The first picture is of team NOODLES (NLD for Netherlands + US for the United States = NOODLES!) We are a really good surgical team. It’s nice to be able to draw from such a wide range of experiences to make the team work well together, there isn’t much that we are not able to do. Pictured from left to right is: Dr. Ralph De Wit (general/ortho surgeon), Carol Water drinker (OR nurse), Dr. Peter Keijzers (Anesthesiologist), Linda De Jager (OR nurse), Jere Tien (OR tech), myself (super nurse! Haha), Omar Cannich (CSR tech, we’ll miss you buddy!) and Martyn Van Steennis (nurse anesthetist). Jere and myself are the only US individuals, all the rest are Dutch. The second picture is of the thermometer we have outside of the room, and it definitely isn’t -50 degrees! It pretty much hits that temperature every afternoon, it’s really something when it’s windy! Just imagine sticking your head in the oven with a hair dryer on at full blast, that’s about the best analogy I can come up with, completely unbearable. I just feel for all the coalition soldiers out working in the heat every day, God bless them!
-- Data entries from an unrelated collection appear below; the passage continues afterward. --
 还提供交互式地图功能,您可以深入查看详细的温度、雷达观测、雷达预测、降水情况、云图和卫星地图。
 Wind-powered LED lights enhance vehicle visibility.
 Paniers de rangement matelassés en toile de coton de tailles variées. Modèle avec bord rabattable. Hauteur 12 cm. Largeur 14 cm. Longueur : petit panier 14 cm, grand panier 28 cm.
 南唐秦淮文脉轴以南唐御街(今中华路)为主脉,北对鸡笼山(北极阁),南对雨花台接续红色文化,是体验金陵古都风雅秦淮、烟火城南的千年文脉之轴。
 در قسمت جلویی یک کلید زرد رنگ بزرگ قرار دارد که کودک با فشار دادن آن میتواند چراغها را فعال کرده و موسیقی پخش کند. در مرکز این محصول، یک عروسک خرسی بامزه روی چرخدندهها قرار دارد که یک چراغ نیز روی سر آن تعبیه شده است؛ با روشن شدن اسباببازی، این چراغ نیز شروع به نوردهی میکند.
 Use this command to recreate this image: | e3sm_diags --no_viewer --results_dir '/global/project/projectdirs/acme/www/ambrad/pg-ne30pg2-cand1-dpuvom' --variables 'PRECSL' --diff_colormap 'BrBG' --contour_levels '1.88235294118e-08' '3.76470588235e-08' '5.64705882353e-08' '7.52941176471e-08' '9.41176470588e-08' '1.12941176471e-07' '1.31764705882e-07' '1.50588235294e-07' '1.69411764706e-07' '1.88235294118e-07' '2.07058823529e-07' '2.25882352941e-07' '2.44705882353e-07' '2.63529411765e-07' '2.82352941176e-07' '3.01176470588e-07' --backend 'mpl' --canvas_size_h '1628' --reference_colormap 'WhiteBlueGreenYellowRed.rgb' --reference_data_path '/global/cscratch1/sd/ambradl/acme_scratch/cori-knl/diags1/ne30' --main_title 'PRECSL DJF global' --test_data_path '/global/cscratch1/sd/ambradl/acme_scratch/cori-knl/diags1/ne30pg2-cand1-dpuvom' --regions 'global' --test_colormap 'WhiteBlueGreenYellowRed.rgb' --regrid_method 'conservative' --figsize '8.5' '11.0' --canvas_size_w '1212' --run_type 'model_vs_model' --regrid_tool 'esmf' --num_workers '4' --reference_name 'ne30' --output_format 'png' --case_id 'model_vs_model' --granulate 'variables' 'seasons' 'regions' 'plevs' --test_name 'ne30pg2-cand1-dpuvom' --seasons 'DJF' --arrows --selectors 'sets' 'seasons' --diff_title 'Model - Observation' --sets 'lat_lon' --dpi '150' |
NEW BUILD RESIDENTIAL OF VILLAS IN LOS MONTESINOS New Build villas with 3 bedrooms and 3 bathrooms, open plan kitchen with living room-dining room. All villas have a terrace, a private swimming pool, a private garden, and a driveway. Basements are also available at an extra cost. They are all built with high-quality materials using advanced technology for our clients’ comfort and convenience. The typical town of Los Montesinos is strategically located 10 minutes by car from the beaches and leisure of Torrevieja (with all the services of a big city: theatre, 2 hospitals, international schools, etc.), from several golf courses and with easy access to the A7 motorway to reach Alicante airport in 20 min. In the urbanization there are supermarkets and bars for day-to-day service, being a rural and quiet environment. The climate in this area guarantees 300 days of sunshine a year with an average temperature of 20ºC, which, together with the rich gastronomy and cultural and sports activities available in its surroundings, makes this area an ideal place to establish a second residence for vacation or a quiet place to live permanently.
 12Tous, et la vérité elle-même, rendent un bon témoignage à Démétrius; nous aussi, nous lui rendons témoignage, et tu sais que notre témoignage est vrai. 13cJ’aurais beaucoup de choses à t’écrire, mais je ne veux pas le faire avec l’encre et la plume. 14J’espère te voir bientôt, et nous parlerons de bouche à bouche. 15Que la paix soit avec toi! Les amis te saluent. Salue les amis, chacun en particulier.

I weighed myself today, 3 AUG, and I’m down to 143 pounds, that’s 20 pounds lost in 4 months or so. Thanks to the diet and workout advice from my beautiful wife, heat in Afghanistan, and working out every other day when I can. Hopefully I’ll be able to keep it up once I’m home with all of the temptations of ice cream sandwiches, Cincinnati chili, etc.! haha. I weighed 135 pounds when I graduated high school.
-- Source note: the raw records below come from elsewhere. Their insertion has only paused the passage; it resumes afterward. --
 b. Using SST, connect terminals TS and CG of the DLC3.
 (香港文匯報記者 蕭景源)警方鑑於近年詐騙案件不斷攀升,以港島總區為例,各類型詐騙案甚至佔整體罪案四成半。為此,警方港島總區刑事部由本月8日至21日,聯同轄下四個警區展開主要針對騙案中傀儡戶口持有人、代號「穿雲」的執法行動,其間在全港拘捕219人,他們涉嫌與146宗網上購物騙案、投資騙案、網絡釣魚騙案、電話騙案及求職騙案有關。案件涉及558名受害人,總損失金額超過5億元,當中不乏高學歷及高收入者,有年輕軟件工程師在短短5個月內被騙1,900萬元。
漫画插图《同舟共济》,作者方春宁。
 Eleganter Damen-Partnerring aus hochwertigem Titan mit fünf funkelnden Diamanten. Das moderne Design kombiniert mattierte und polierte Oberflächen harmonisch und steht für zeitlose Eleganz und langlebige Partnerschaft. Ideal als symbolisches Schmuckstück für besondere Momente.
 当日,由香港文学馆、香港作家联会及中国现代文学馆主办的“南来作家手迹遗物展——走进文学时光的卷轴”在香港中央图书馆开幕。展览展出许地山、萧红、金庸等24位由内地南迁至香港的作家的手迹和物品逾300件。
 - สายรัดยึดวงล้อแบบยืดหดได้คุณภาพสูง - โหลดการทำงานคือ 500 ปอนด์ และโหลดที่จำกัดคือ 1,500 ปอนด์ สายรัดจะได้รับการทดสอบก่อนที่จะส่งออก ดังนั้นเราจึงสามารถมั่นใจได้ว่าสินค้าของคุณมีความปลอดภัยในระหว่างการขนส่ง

2 AUG: 1. Bilateral fasciotomy extensions. 2. Exploratory lap, bilateral washout legs. 3. Washout and closure of multiple wounds to the right leg, skin graft to right hand. 4. Washout right leg. 5. Amputation left lower extremity. 6. Craniotomy. 7. Washout left leg.
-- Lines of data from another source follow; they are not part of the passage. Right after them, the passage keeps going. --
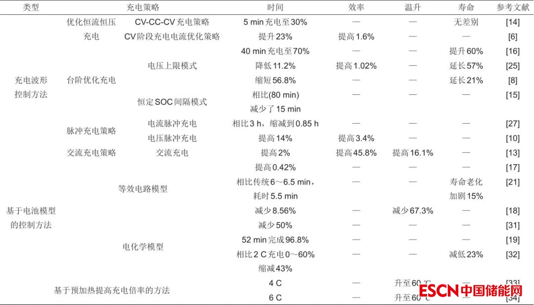 本文首先分充電波形控制方法、基于電池模型的控制方法和通過預(yù)加熱電池提高充電倍率的方法3種詳細(xì)介紹快充策略,之后討論和比較各充電策略,最后總結(jié)整個充電策略發(fā)展趨勢。
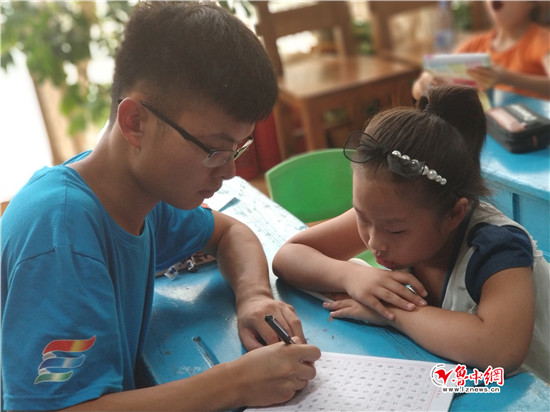 支教成员为学生教授硬笔书法书写技巧
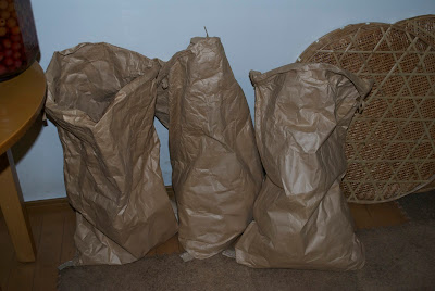 | この3つの袋に、アンデス赤、デストロイヤー、男爵芋を別々に保存している |
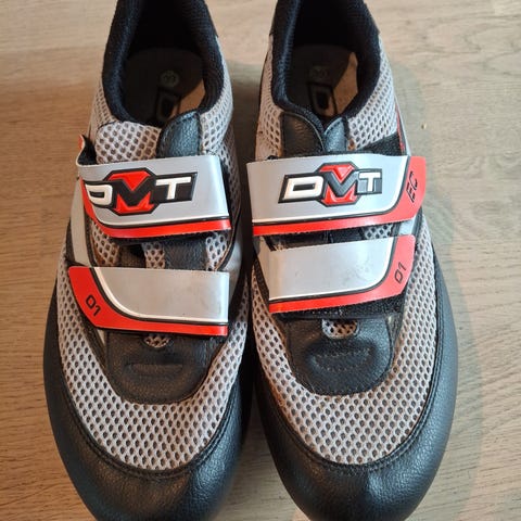 DMT cykelsko i størrelse 46 i gul/sort farve. Skoen har spænder og drejelukning for justering af pasform. Undersålen er forberedt til montering af klamper til klikpedaler. Velegnet til landevejscykling eller træning på cykel, hvor der anvendes kliksko. Cykelhjelm på billederne er i matchende gul/sort design med ventilationshuller og justerbar rem.
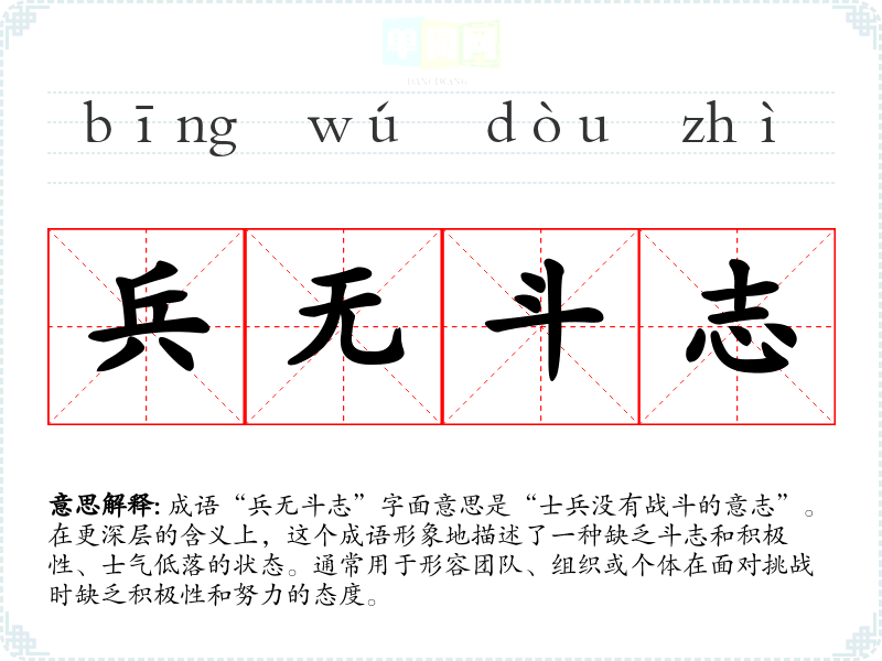 成语“兵无斗志”字面意思是“士兵没有战斗的意志”。在更深层的含义上,这个成语形象地描述了一种缺乏斗志和积极性、士气低落的状态。通常用于形容团队、组织或个体在面对挑战时缺乏积极性和努力的态度。
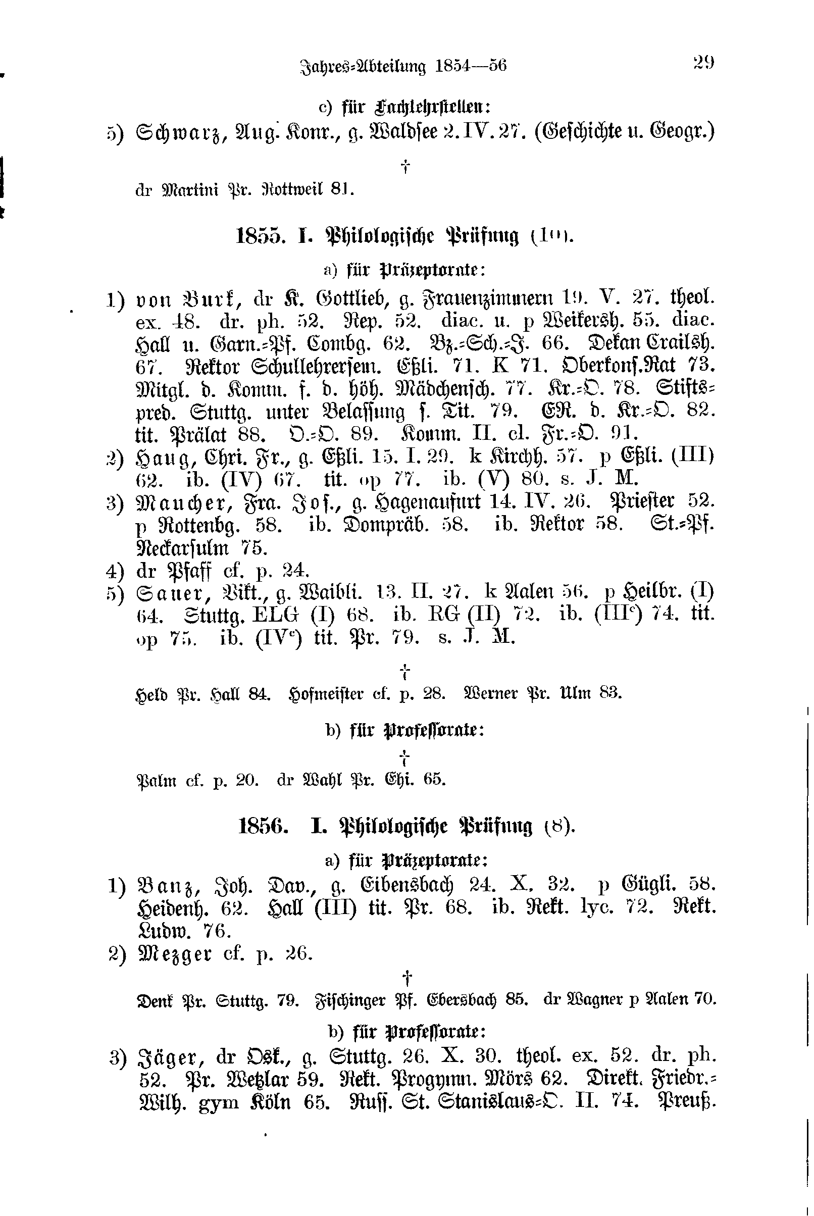 - Jäger dr Osk., g. Stuttg. 26. X. 30. theol. ex. 52. dr. ph. 52. Pr. Wetzlar 59. Rekt. Progymn. Mörs 62. Direkt. Friedr.-Wilh. gym Köln 65. Russ. St. Stanislaus-O. II. 74. Preuß.

4 AUG: 1. Washout and wound vac change. 2. Open reduction internal fixation zeugmatic fracture. 3. Craniotomy. 4. Washout and closure multiple wounds right hand. 5. Amputation left arm, amputation left foot, washout wound left leg, external fixation left femur, washout and packing of face trauma.

6 AUG: 1. Face washout and temporary closure, left arm irrigation and debridement, left leg irrigation and debridement. 2. Left foot amputation, right leg fasciotomy. 3. Exploratory lap, chest tube insertion. 4. Bilateral arm washouts, external fixation right arm, bilateral leg fasciotomies, right carpal tunnel release. 5. Hemi-laminectomy, decompression of spinal cord. 6. Removal of rectal abcess. 7. Thoracotomy. 8. Amputation of left arm, exploratory lap, abcess drainage, primary closure of ileum. 9. Amputation left lower leg, washout of face, repair of trach. 10. Washout neck wound, removal of bullet. 11. Washout of left arm.

8 AUG: 1. Right femoral nail, skin graft from left thigh to right thigh. 2. Irrigation and debridement right buttock. 3. Washout left lower leg amputation with wound vac placement, washout face. 4. Washout right lower extremity. 5. Exploratory lap, colonoscopy. 6. Washout right thigh.

Shayna I’m very lucky to have such a beautiful and patient wife, I love and miss you very much. Everyone else take care and I’ll see you soon.